BEGIN Available data

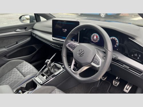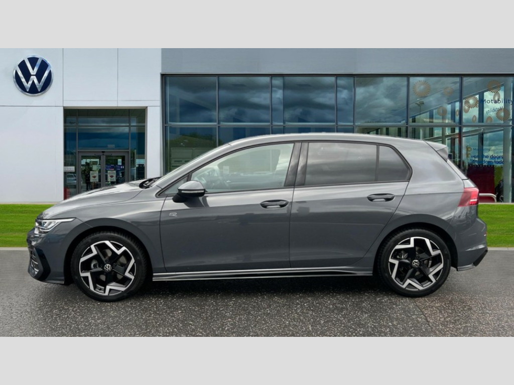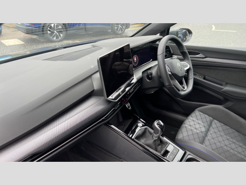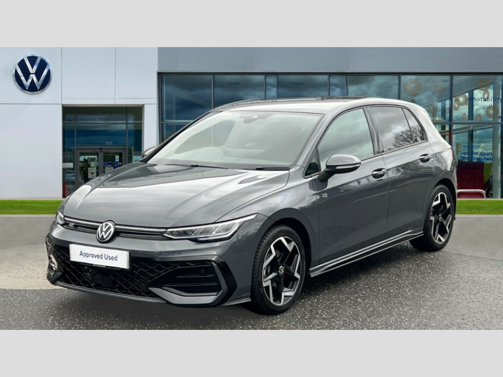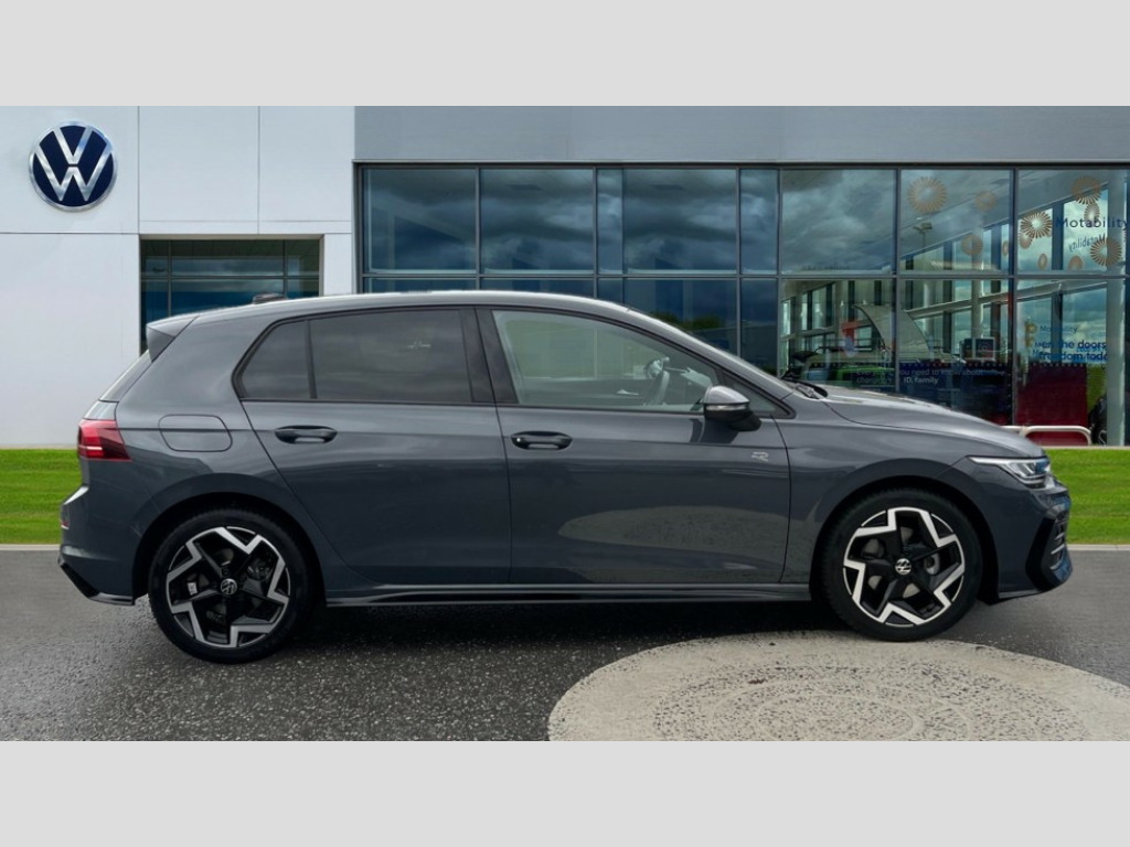 Volkswagen Golf 1.5 TSI 150 R-Line 5dr Activated carbon canister, Adaptive cruise control (ACC), Advanced driver attention and drowsiness monitor, Dynamic road sign display, Dynamic steering, E-Sim card for online connectivity, eCall emergency call system, Multi-color Digital cockpit pro, selection of different info profile possible, Multifunction front facing camera for distance control, Navigation system, Oncoming vehicle braking when turning including swerve support, Preparation for light assist system, Speed limiter, Speedo, rev counter, electronic odometer, trip, service interval display, exterior temperature and fuel gauge, Traffic jam assist, Voice enhancer and voice control, Warning signal and warning light for front and rear seatbelts not fastened, We connect plus preparation, We connect preparation, Wireless app connect, Petrol Particulate Filter, Start-stop system with battery regeneration (recuperation - energy recovery during braking), XDS electronic differential lock for improved traction and handling, 2 USB C ports in front, 2 USB charging sockets on the centre console in the rear charging capacity upto 45W, Comfort telephony + wireless charging, without wireless aerial connection, Digital radio reception (DAB), Diversity antenna for FM reception, Gaming platform via car app, Infotainment system with 12.9" display, Mobile phone interface with inductive charging feature, 3rd brake light, Auto headlights, Automatic headlamp activation with Coming home and Leaving home feature, Body colored bumpers in R-Line style, Body colour door handles, Exterior ambient lighting with illuminated door handles, Exterior mirrors convex on the left and aspherical on the right, Front and rear electric windows, Heat insulating windshield made of laminated glass, LED daytime running lights, Rear exhaust tailpipe, Rear fog light on one side and reversing lights on both sides, Rear side wing doors, Rear windscreen washer and wiper with interval delay, Remote electrically foldable door mirrors, puddle lights and reverse activated passenger's door mirror, Welcome light with surround lighting, 12V socket in front centre console, 12V socket in luggage compartment, 3 rear head restraints, 3 seat bench in 2nd row, Ambient lighting with 30 colour including LED light unit in front footwell with selectable light colour, Brushed stainless steel pedals, Carpet mats, front and rear, Chrome plated radiator grille inserts, air vent surrounds and light switch surrounds, Front centre armrest, Integrated front head restraints, ISOFIX anchors for child seats on outer rear bench seats and on front passanger seat compatible for i-Size, Leather gearshift handle, Luggage compartment lighting, Premium sports seats in front, Rear cupholder and loadthough, Single front passenger seat, Soul black instrument panel, Split folding backrest with centre armrest and unsplit rear seat bench, Storm grey roof lining, Sun visors with illuminated vanity mirrors, 3 point height adj front seatbelts + pretensioners, 3 rear three point seatbelts, ABS, Autonomous emergency braking front assist with pedestrian and cyclist monitoring, Child locks on rear doors, Driver and front passenger airbag with front passenger airbag deactivation, Electronic parking brake with auto hold, ESC (Electronic Stability Control), Extended pedestrian protection measures, Rear disc brakes, Two tone horn, Tyre pressure loss indicator, Volkswagen roadside assistance, Anti theft wheel bolts, Preparation for alcohol interlock, Decorative inserts carbon grey for dashboard and front door trim panels
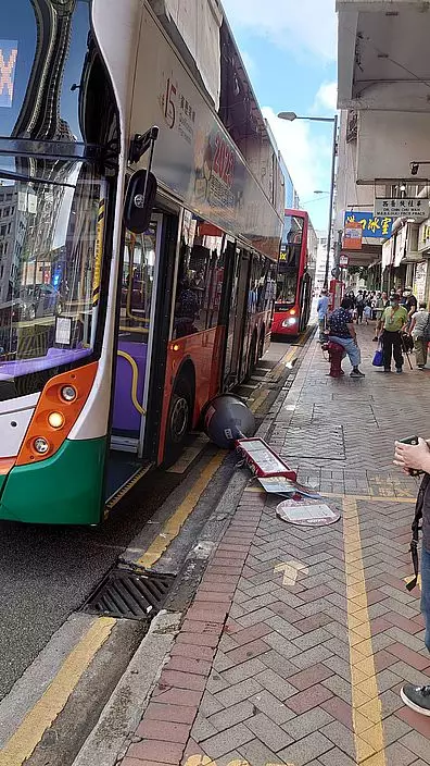 一輛新巴撞倒巴士站牌,砸傷候車女子。
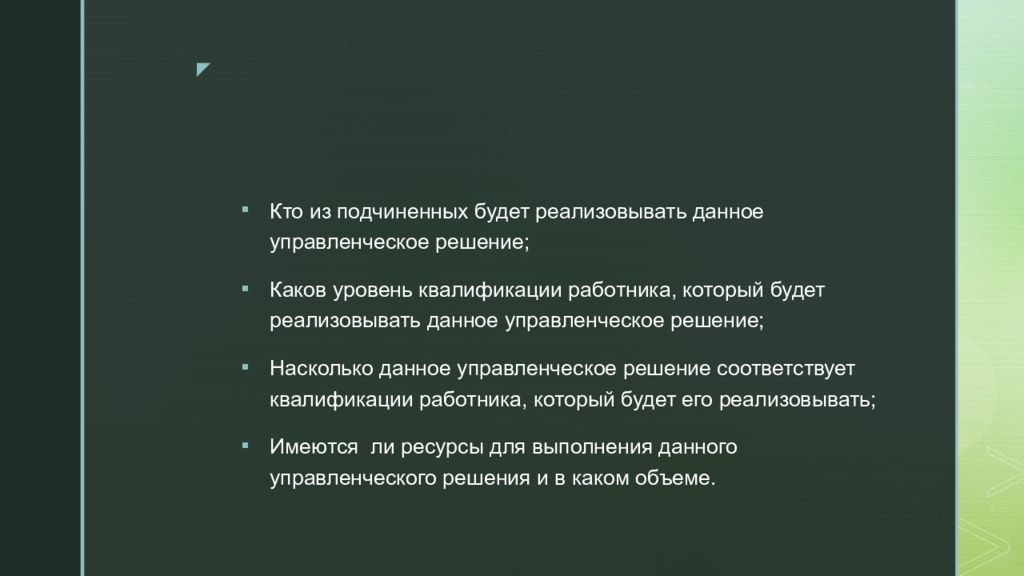 Кто из подчиненных будет реализовывать данное управленческое решение; Каков уровень квалификации работника, который будет реализовывать данное управленческое решение; Насколько данное управленческое решение соответствует квалификации работника, который будет его реализовывать; Имеются ли ресурсы для выполнения данного управленческого решения и в каком объеме.

END Available data

- [Work instructions] Please retype the lines from the one that contains "一輛新巴撞倒巴士站牌,砸傷候車女子。" through the final line of the data, both included, without any pictures.

- [Answer for this exercise]
 一輛新巴撞倒巴士站牌,砸傷候車女子。
 Кто из подчиненных будет реализовывать данное управленческое решение; Каков уровень квалификации работника, который будет реализовывать данное управленческое решение; Насколько данное управленческое решение соответствует квалификации работника, который будет его реализовывать; Имеются ли ресурсы для выполнения данного управленческого решения и в каком объеме.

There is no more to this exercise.